Today’s difficulty snapshot

Community consensus and major guides pegged today as on the easier side, largely due to an accessible synonym set and a clean “Sweet ___” purple finish. The blue group is the only one that nudges you toward imagery rather than definition — exactly where many solvers slowed down.

Archive play, unlimited practice, and streak care

If you’re trying to preserve a long streak, consider practicing with past boards to sharpen your eye for phrase completions and visual categories.
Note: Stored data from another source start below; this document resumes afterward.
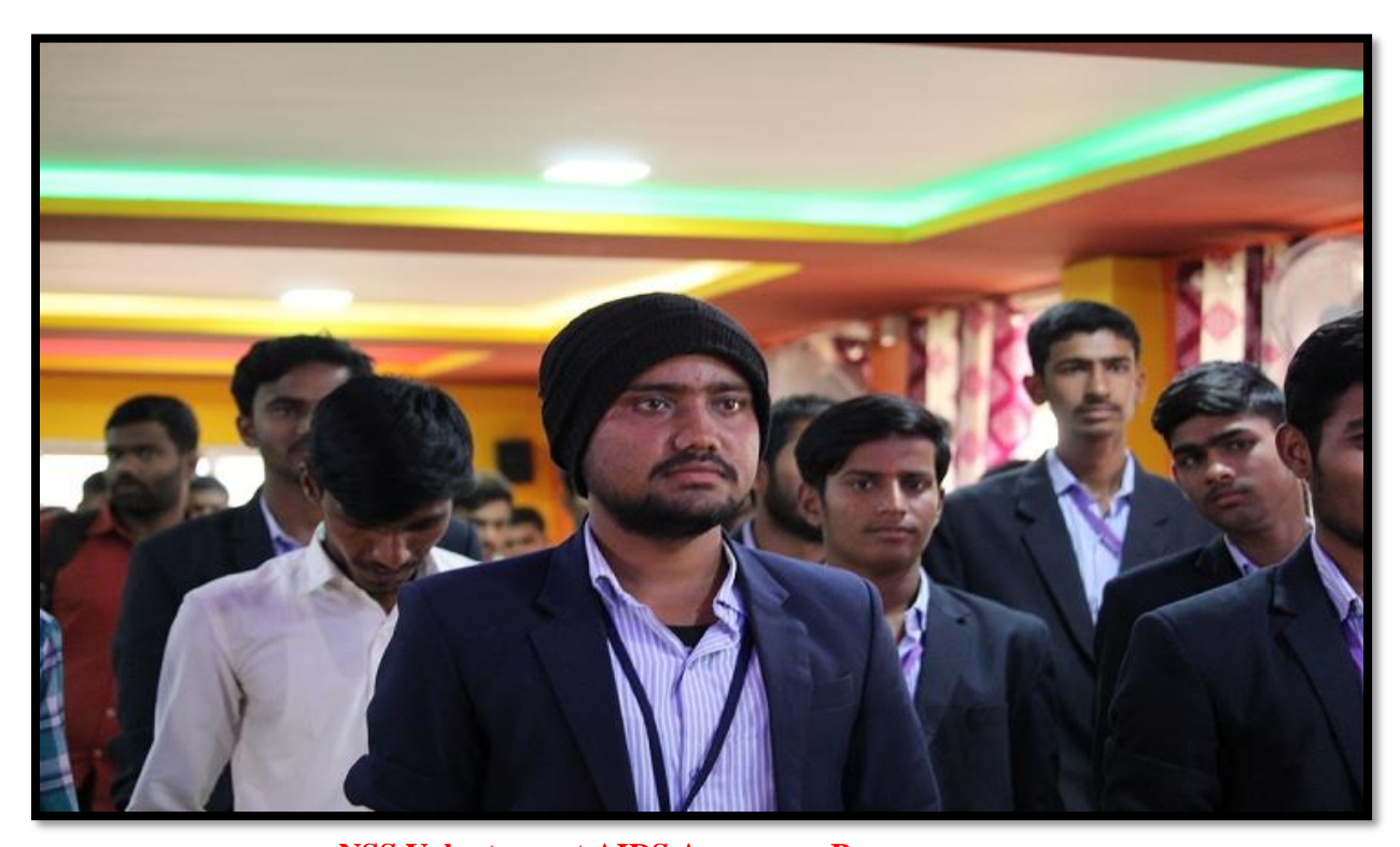
NSS Volunteers at AIDS Awareness Programs
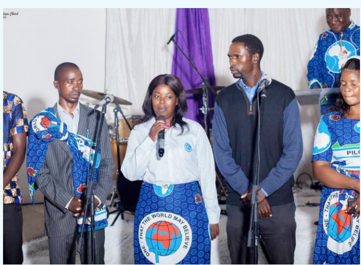
Part of Kanyama leadership team.
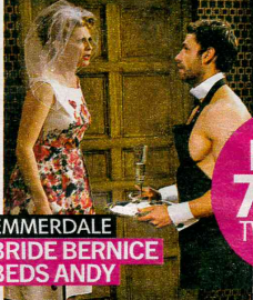
EMMERDALE BRIDE BERNICE BEDS ANDY

Track the frequency of pop-culture buckets (film, music, TV) and alternating verb/noun action sets like today’s STREW. Many players keep notes on “recurring trick words” — tiles like PEPPER, SPICE, or ROLL that switch parts of speech or meanings across weeks. If you solved Connections early and want another warm-up, try our latest NYT Spelling Bee answers today, September 23 recap, or head to the evergreen Spelling Bee guide for pattern drills.

Final take

Today’s Connections rewards method over impulse. Lock MOVIE, hunt the verbs, test for texture, and let the purple phrase set close the book. If you play this sequence in order, you’ll likely finish with lives to spare — and a streak intact.